*** Extracted records ***

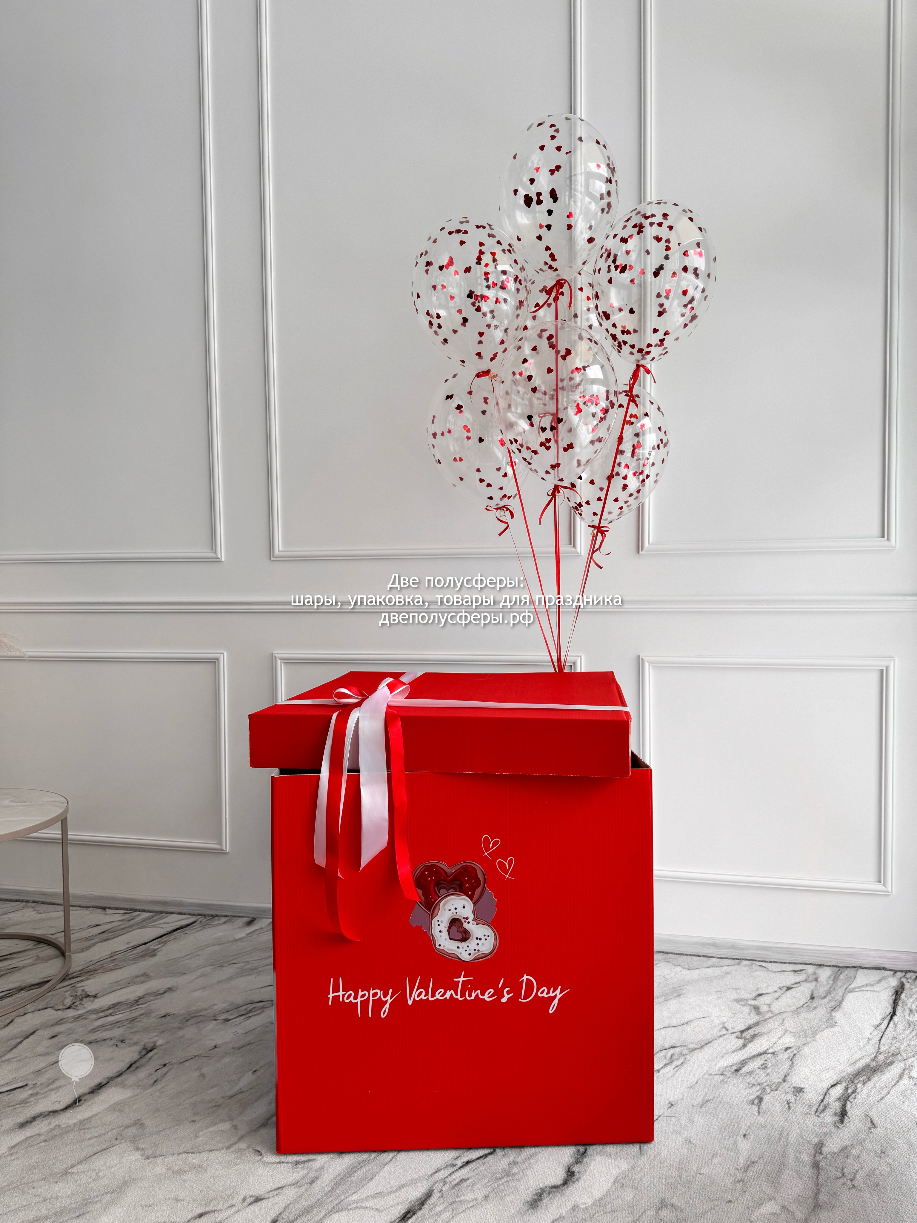 Коробка 60*60*60 см с картинкой пончиков и надписью, 7 шаров с конфетти сердечками, грузик и пакет для перевозки
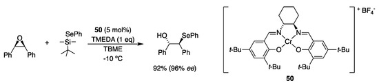 - Yang, M.; Zhu, C.; Yuan, F.; Huang, Y.; Pan, Y. Enantioselective Ring-Opening Reaction of m eso-Epoxides with ArSeH Catalyzed by Heterometallic Ti−Ga−Salen System. Org. Lett. 2005, 7, 1927–1930. [Google Scholar] [CrossRef]
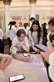У каждого памятного знака ребята выполняют задания, связанные с историей Великой Отечественной войны и блокадного Ленинграда. За правильно выполненные задания команда получала баллы, а за рассказ о подвиге Героя - дополнительные баллы.
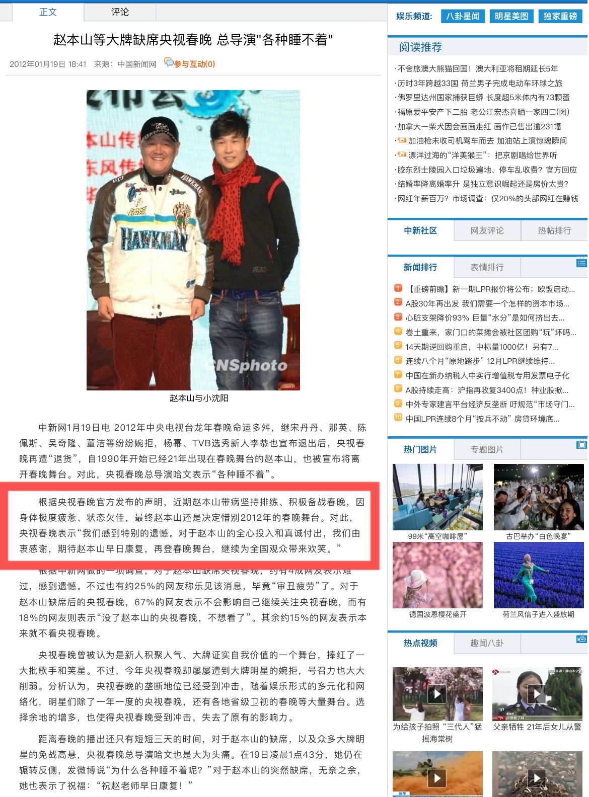 2012年春晚播出前夕,“小品王”赵本山突然宣布因身体原因选择退出,引来网友及媒体的广泛关注。
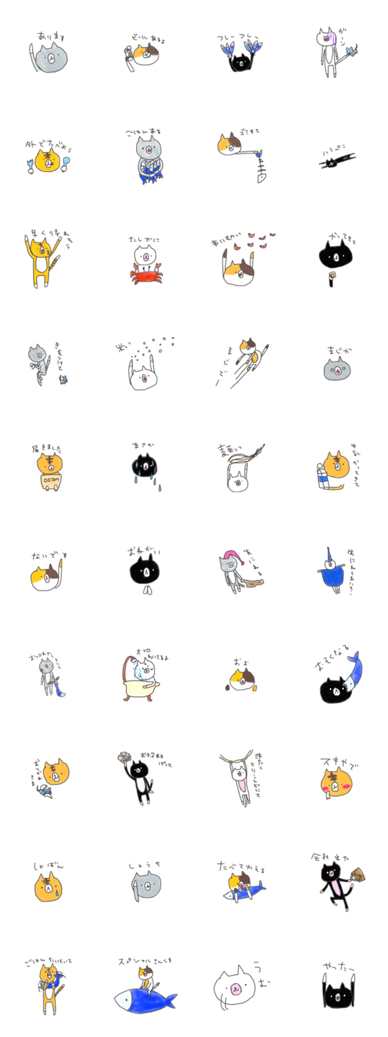 白ネコのあいうえお・・・ってるスタンプ
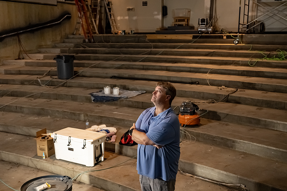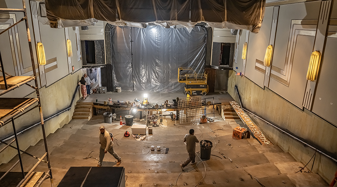 If you follow these posts, you might know that for the past sixteen years, photographs from Georgetown Palace Theatre shows are posted on this site, plus Facebook and Instagram. You haven’t seen photos for a while because the 100-year-old theater in downtown Georgetown was severely damaged during a winter storm on January 25th. A sump pump that runs underneath the structure gave way, flooding the seating area and other important things. For now, the 291-seat space is a work site as contractors begin to put the grand space back on track. The seats have been removed, the ones not damaged remain covered onstage. The gentleman in the opening photo is Ron Watson, the Palace’s Executive Artistic Director, a member of the Palace staff since the late-90s. Restoration work is costly. Insurance only covers a small portion of the $500,000 needed to make it whole again. Work continues, with a goal of brining “Jesus Christ Superstar” to the Palace stage in late-May. Fingers crossed this old photographer will be sitting in that space again soon.
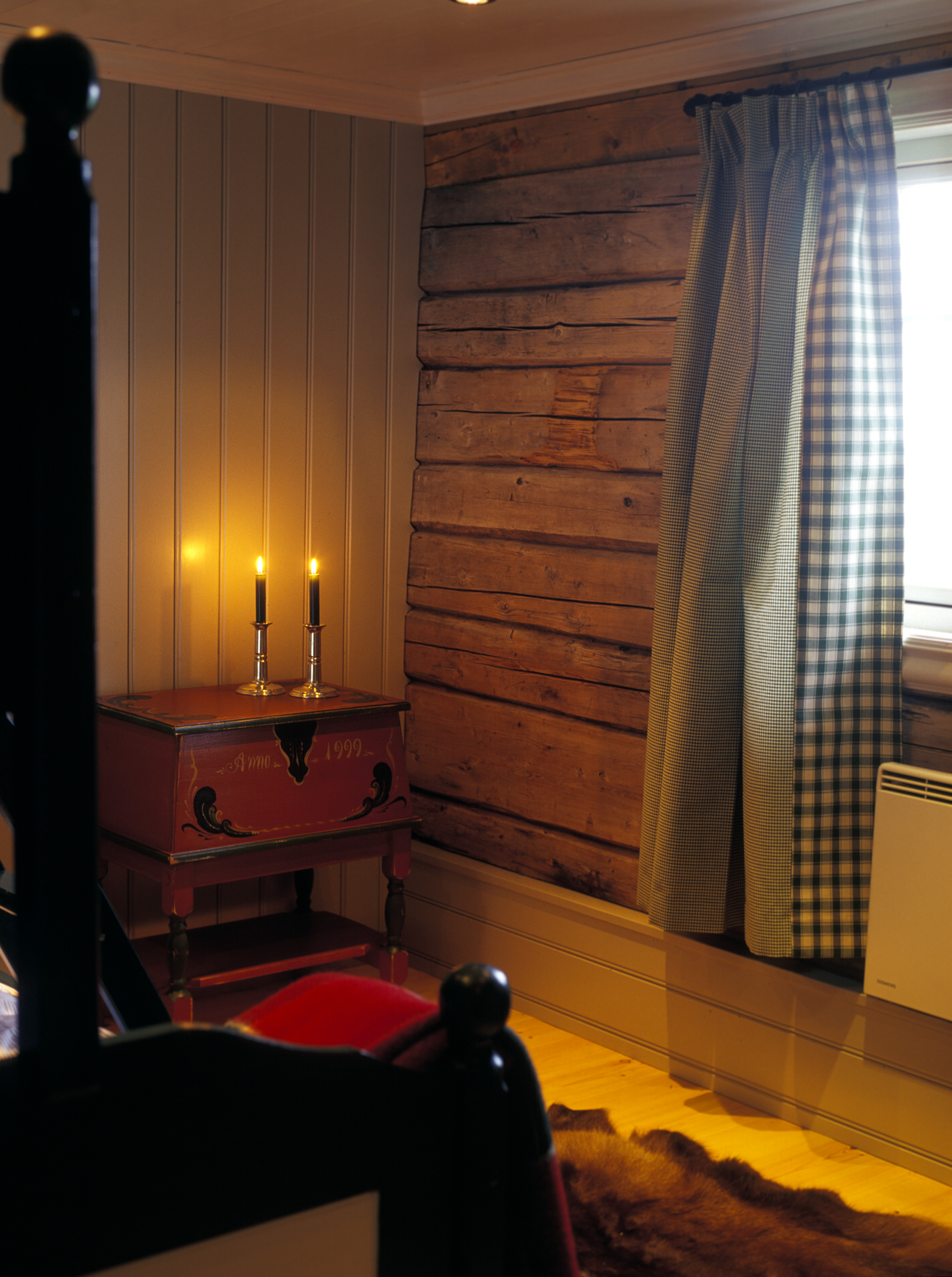 I tidligere tider ble det innvendige treverket alltid malt og dekorert, ofte for å vise økonomisk velstand, maling var dyrt den gang. Det først de siste 30-40 år at vi har brukt treverket i naturell tilstand. På denne tiden har vi innarbeidet en tradisjon med trehvitt hytteinteriør. For mange er det slik hytta skal være, heltre i vegger, gulv, tak og innredning. Så også for eierne her. Det var deres utgangspunkt, men etter rådføring med IFI - Informasjonskontoret for farge og interiør og interiørrådgiver Ellen Skifjeld Lønnestad ble det annerledes. Eierne fikk et forslag om fargelegging av hele hytta innvendig, samt gardin- og møbelforslag. Og etter en tids modningspause valgte de å male. Riktignok satt de store, flotte rundtømmerstokkene i stua langt inne. De ble malt til slutt. Da hytta var ferdig i all sin fargeprakt, var tilbakemeldingene entydig, ikke bare fra familien selv, men også fra venner og hyttenaboer: Dette ble berre lekkert!
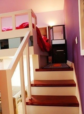 家實在太小了,一切空間都有有效利用——吧臺底下藏了個洗衣機,很巧妙吧
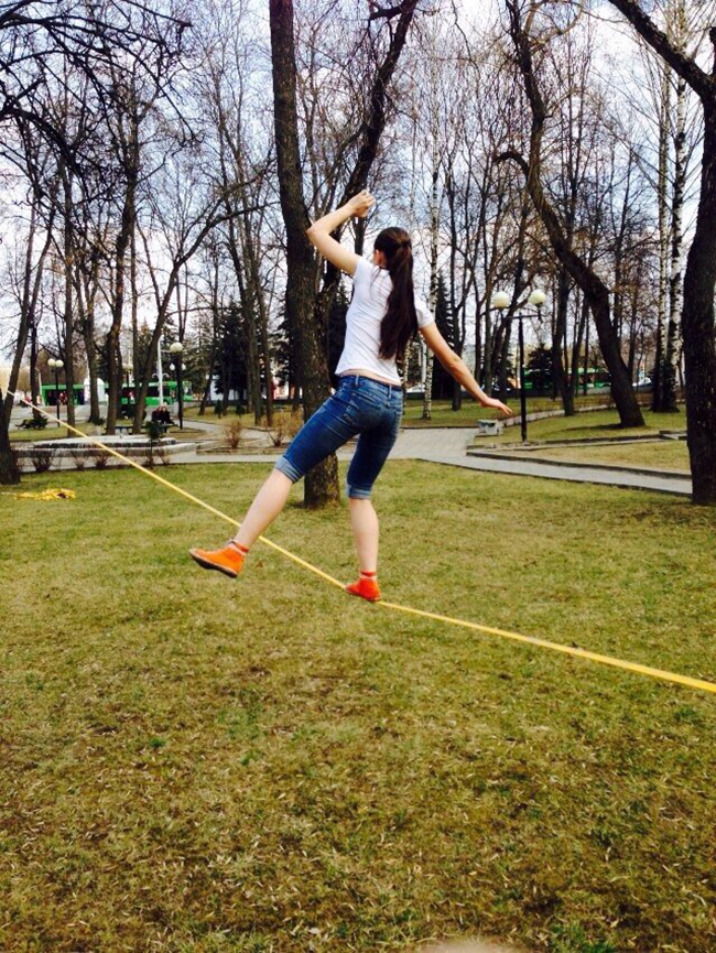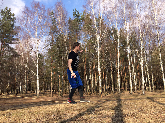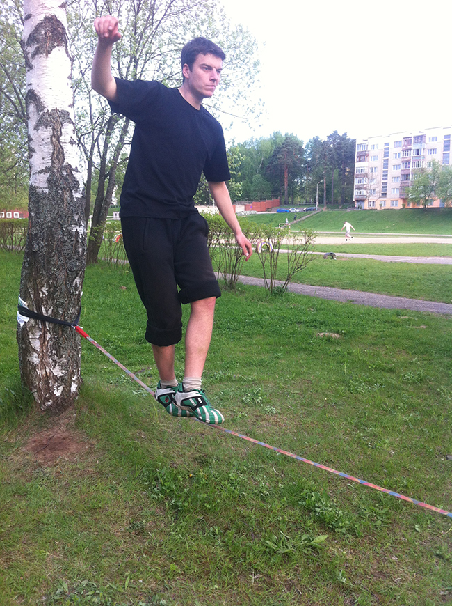 «А что это вы тут делаете? Готовитесь в поход по горным вершинам или в цирковое училище поступать собрались?» – засыпала я вопросами случайного знакомого. Парень в ответ заулыбался и пояснил, что его занятие называется «слэклайн». «Это такой вид спорта и активного отдыха. С каждым годом он становится все популярнее. Людей привлекает его кажущаяся простота. Однако балансировать на стропе не так просто. Я сам еще только начинаю. Пробую. Учусь. В Новополоцке слэклайн появился совсем недавно. Например, я о нем узнал от подруги Нонны. Вот и решил проверить свои силы», – пояснил Евгений (так звали встретившегося мне юношу).
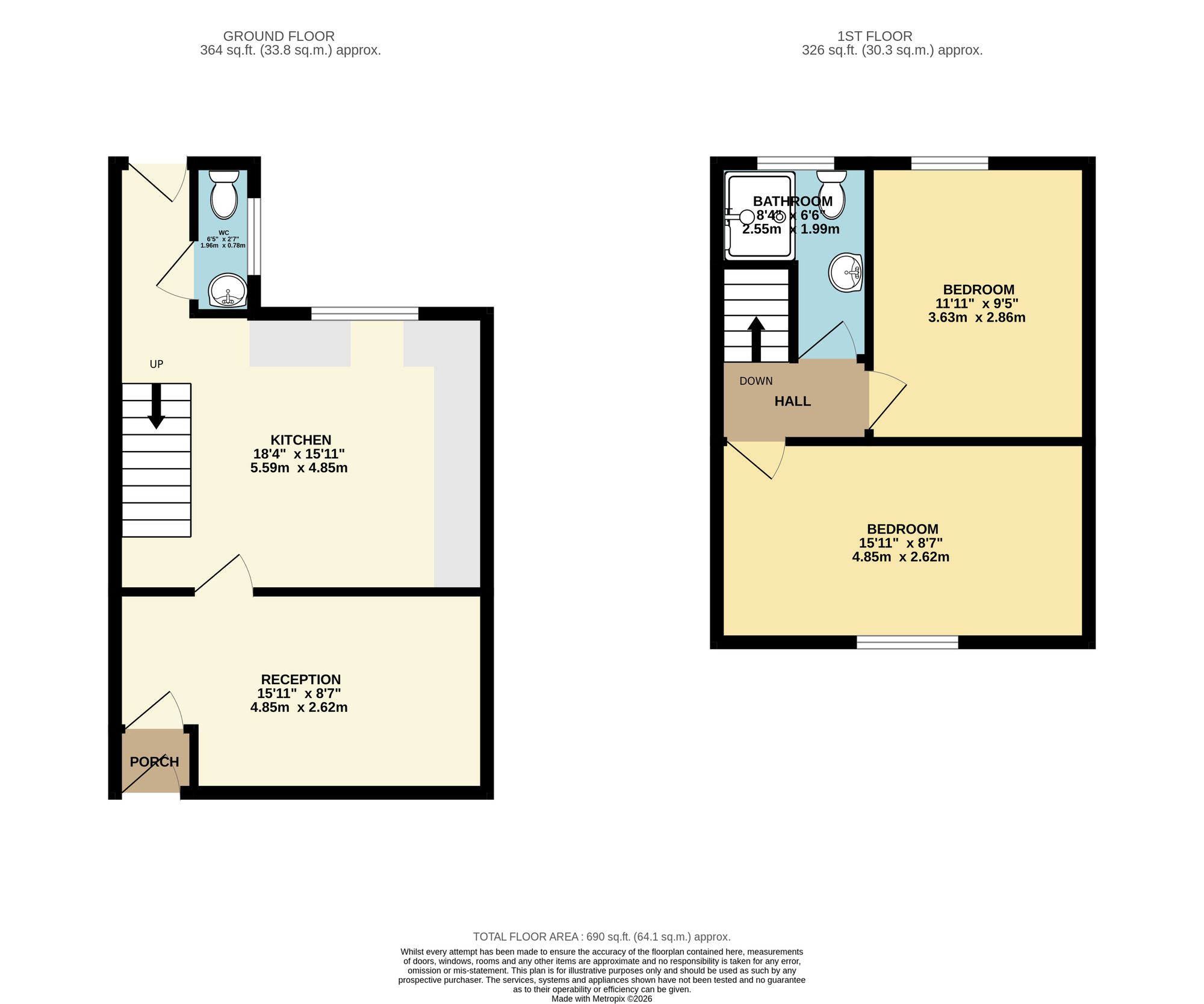 Upstairs, the property features a shower room/wet room and two well-proportioned double bedrooms.

***

▶ _Task objective_: The reply should contain all of the data above, word for word, with no pictures.

▶ _Output of the exercise_:
 Коробка 60*60*60 см с картинкой пончиков и надписью, 7 шаров с конфетти сердечками, грузик и пакет для перевозки
 - Yang, M.; Zhu, C.; Yuan, F.; Huang, Y.; Pan, Y. Enantioselective Ring-Opening Reaction of m eso-Epoxides with ArSeH Catalyzed by Heterometallic Ti−Ga−Salen System. Org. Lett. 2005, 7, 1927–1930. [Google Scholar] [CrossRef]
У каждого памятного знака ребята выполняют задания, связанные с историей Великой Отечественной войны и блокадного Ленинграда. За правильно выполненные задания команда получала баллы, а за рассказ о подвиге Героя - дополнительные баллы.
 2012年春晚播出前夕,“小品王”赵本山突然宣布因身体原因选择退出,引来网友及媒体的广泛关注。
 白ネコのあいうえお・・・ってるスタンプ
 If you follow these posts, you might know that for the past sixteen years, photographs from Georgetown Palace Theatre shows are posted on this site, plus Facebook and Instagram. You haven’t seen photos for a while because the 100-year-old theater in downtown Georgetown was severely damaged during a winter storm on January 25th. A sump pump that runs underneath the structure gave way, flooding the seating area and other important things. For now, the 291-seat space is a work site as contractors begin to put the grand space back on track. The seats have been removed, the ones not damaged remain covered onstage. The gentleman in the opening photo is Ron Watson, the Palace’s Executive Artistic Director, a member of the Palace staff since the late-90s. Restoration work is costly. Insurance only covers a small portion of the $500,000 needed to make it whole again. Work continues, with a goal of brining “Jesus Christ Superstar” to the Palace stage in late-May. Fingers crossed this old photographer will be sitting in that space again soon.
 I tidligere tider ble det innvendige treverket alltid malt og dekorert, ofte for å vise økonomisk velstand, maling var dyrt den gang. Det først de siste 30-40 år at vi har brukt treverket i naturell tilstand. På denne tiden har vi innarbeidet en tradisjon med trehvitt hytteinteriør. For mange er det slik hytta skal være, heltre i vegger, gulv, tak og innredning. Så også for eierne her. Det var deres utgangspunkt, men etter rådføring med IFI - Informasjonskontoret for farge og interiør og interiørrådgiver Ellen Skifjeld Lønnestad ble det annerledes. Eierne fikk et forslag om fargelegging av hele hytta innvendig, samt gardin- og møbelforslag. Og etter en tids modningspause valgte de å male. Riktignok satt de store, flotte rundtømmerstokkene i stua langt inne. De ble malt til slutt. Da hytta var ferdig i all sin fargeprakt, var tilbakemeldingene entydig, ikke bare fra familien selv, men også fra venner og hyttenaboer: Dette ble berre lekkert!
 家實在太小了,一切空間都有有效利用——吧臺底下藏了個洗衣機,很巧妙吧
 «А что это вы тут делаете? Готовитесь в поход по горным вершинам или в цирковое училище поступать собрались?» – засыпала я вопросами случайного знакомого. Парень в ответ заулыбался и пояснил, что его занятие называется «слэклайн». «Это такой вид спорта и активного отдыха. С каждым годом он становится все популярнее. Людей привлекает его кажущаяся простота. Однако балансировать на стропе не так просто. Я сам еще только начинаю. Пробую. Учусь. В Новополоцке слэклайн появился совсем недавно. Например, я о нем узнал от подруги Нонны. Вот и решил проверить свои силы», – пояснил Евгений (так звали встретившегося мне юношу).
 Upstairs, the property features a shower room/wet room and two well-proportioned double bedrooms.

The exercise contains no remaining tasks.